> _Saved entries_
○ ○ ○

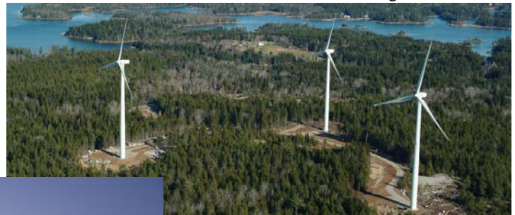
Vinalhaven Wind Farm
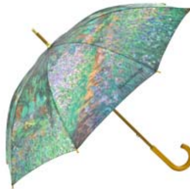
Motiv umbrella Claude Monet "The garden"
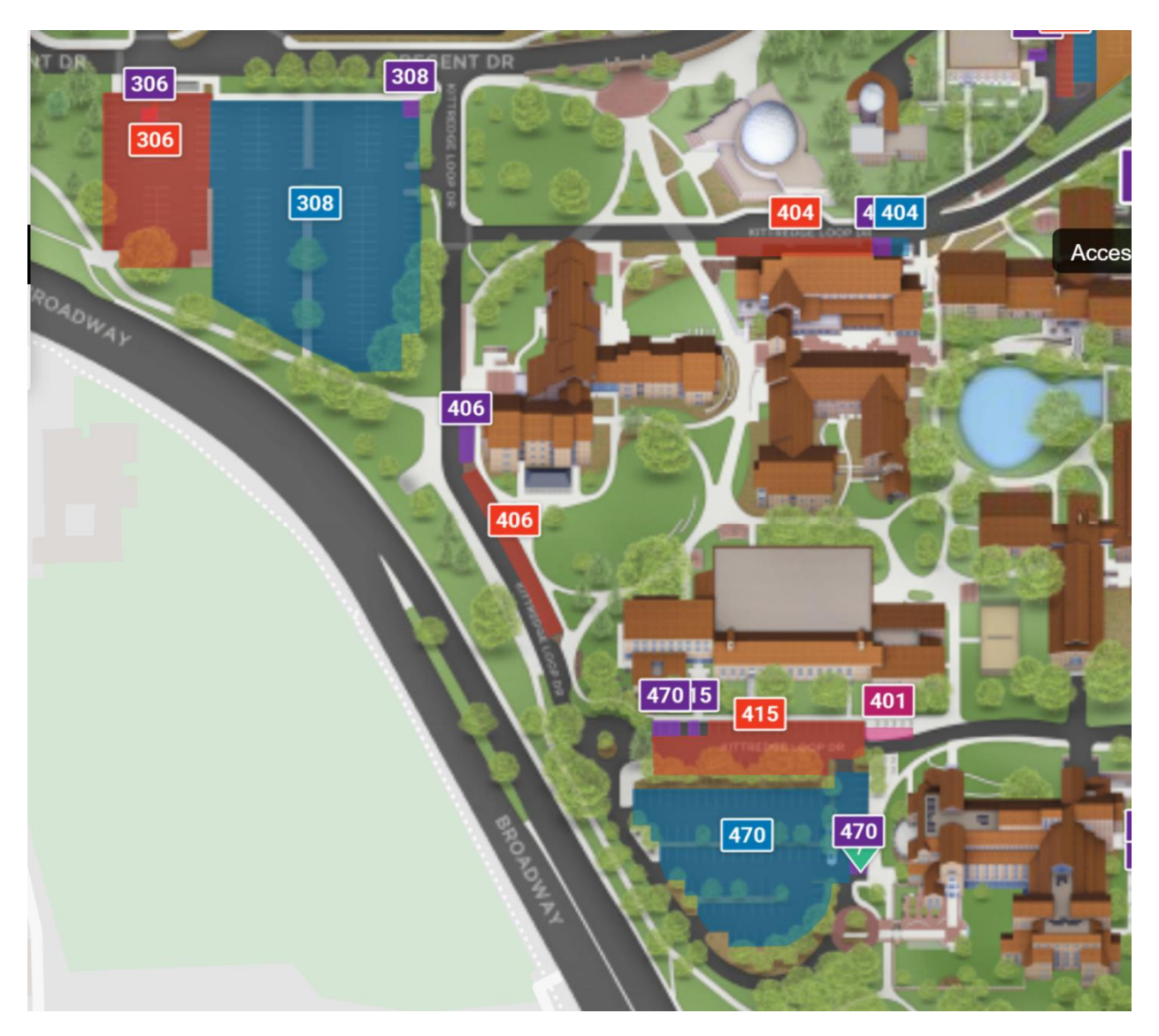
Parking is available for the event for $2 from 6-7PM and $1 from 7-8PM in lots 306, 308, 406,and 415.
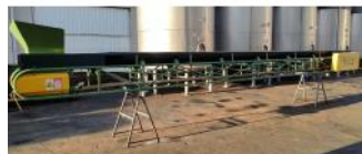
Reference: BCH-141 PLASTIC BELT CONVEYOR Year: . Brand: TREICO
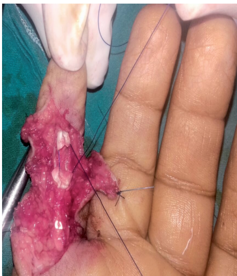
Fig. (1): Two strand tendon repair (modified Kessler) in little finger.

operative range of motion of DIP, PIP joints flexion range of motion and Total Active Movement (TAM) of the injured fingers.
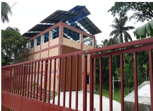
Rajshahi STS-2 Medical
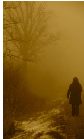
Peter Mulcair Into The Mystic digital photo 24 x 18"
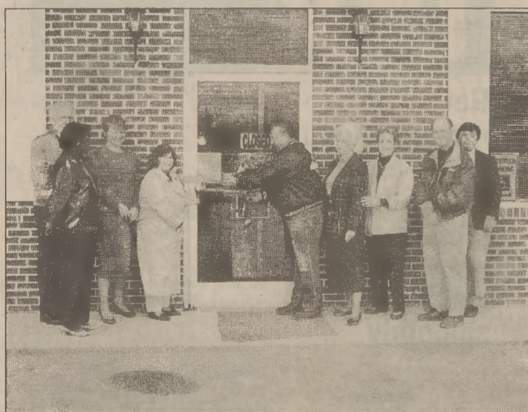
Wednesday, March 27 Papa's Seafood, Ward Shopping Center
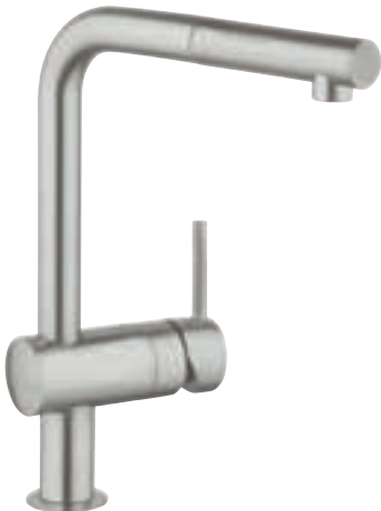
32 168 DC0 Minta Sink mixer L-spout with extractable mousseur
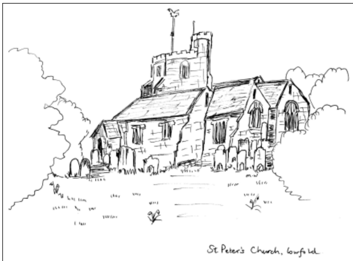
Cover of the Cowfold Parish Questionnaire

The Steering Group kick-started the process after receiving the questionnaire results by inviting all those respondents who said they would like to be more involved to attend the next Steering Group meeting. The enlarged Steering Group worked on the action plans, resulting in this document. This Parish Plan was endorsed by Cowfold Parish Council on 10 April 2006.
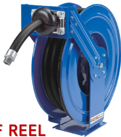
DEF REEL 3/4" x 50' Model HR50 Hose
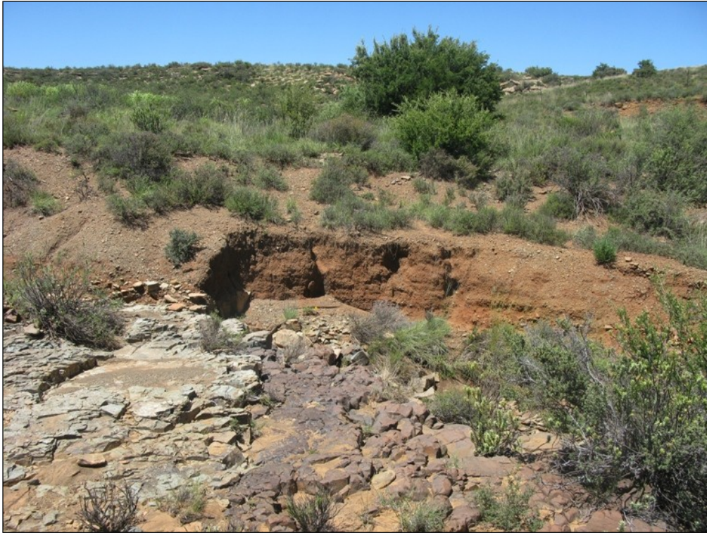
Fig. 6. Contact between a dolerite intrusion (rusty brown) and adjacent baked Beaufort Group sediments (grey-green) in the south-western portion of the original study area, west of the DR2404. The bedrocks are mantled with well-bedded, fine gravelly alluvium here.
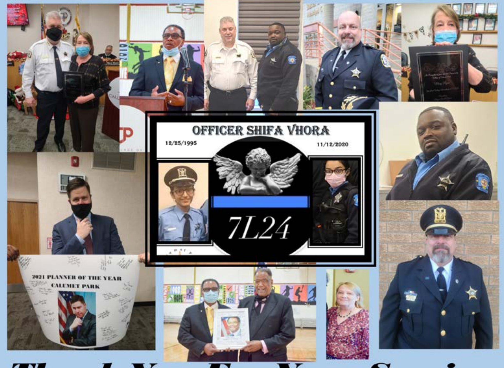
Thank You For Your Service
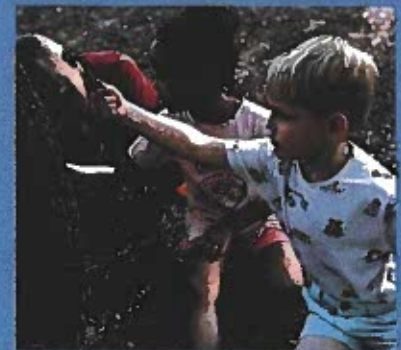
Water & Outdoor Play Exploration
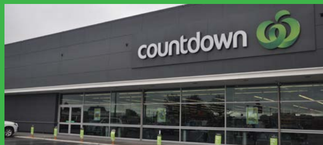
Countdown Hornby © Copyright
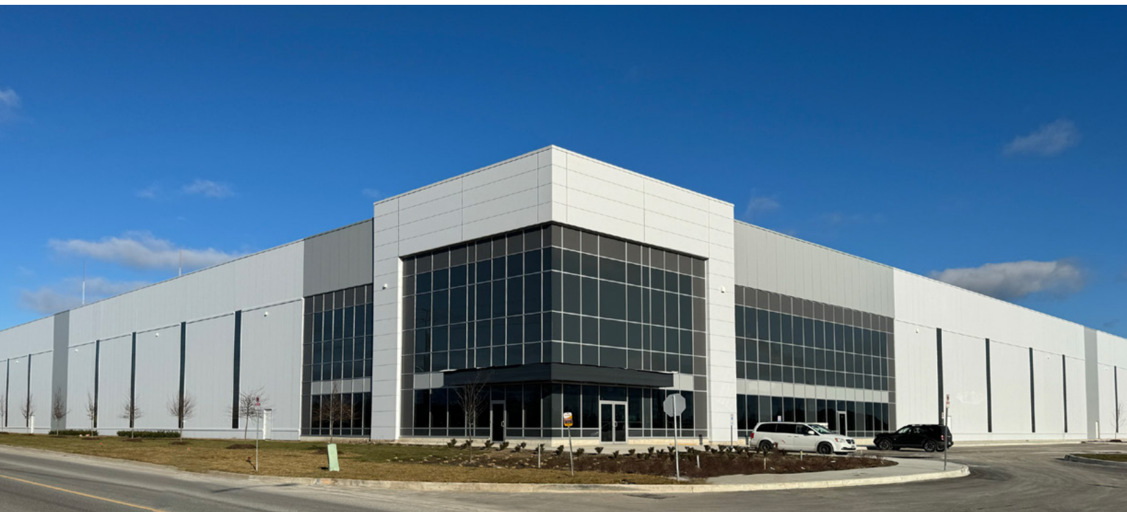
PHASE I READY FOR FIXTURING

○ ○ ○

> _ACTION ITEM_
Here the job is to copy the stretch of records from the line containing "Cover of the Cowfold Parish Questionnaire" through the line containing "Model HR50 Hose", word for word. Leave every picture out.

> _RESPONSE TO THIS EXERCISE_
Cover of the Cowfold Parish Questionnaire

The Steering Group kick-started the process after receiving the questionnaire results by inviting all those respondents who said they would like to be more involved to attend the next Steering Group meeting. The enlarged Steering Group worked on the action plans, resulting in this document. This Parish Plan was endorsed by Cowfold Parish Council on 10 April 2006.
DEF REEL 3/4" x 50' Model HR50 Hose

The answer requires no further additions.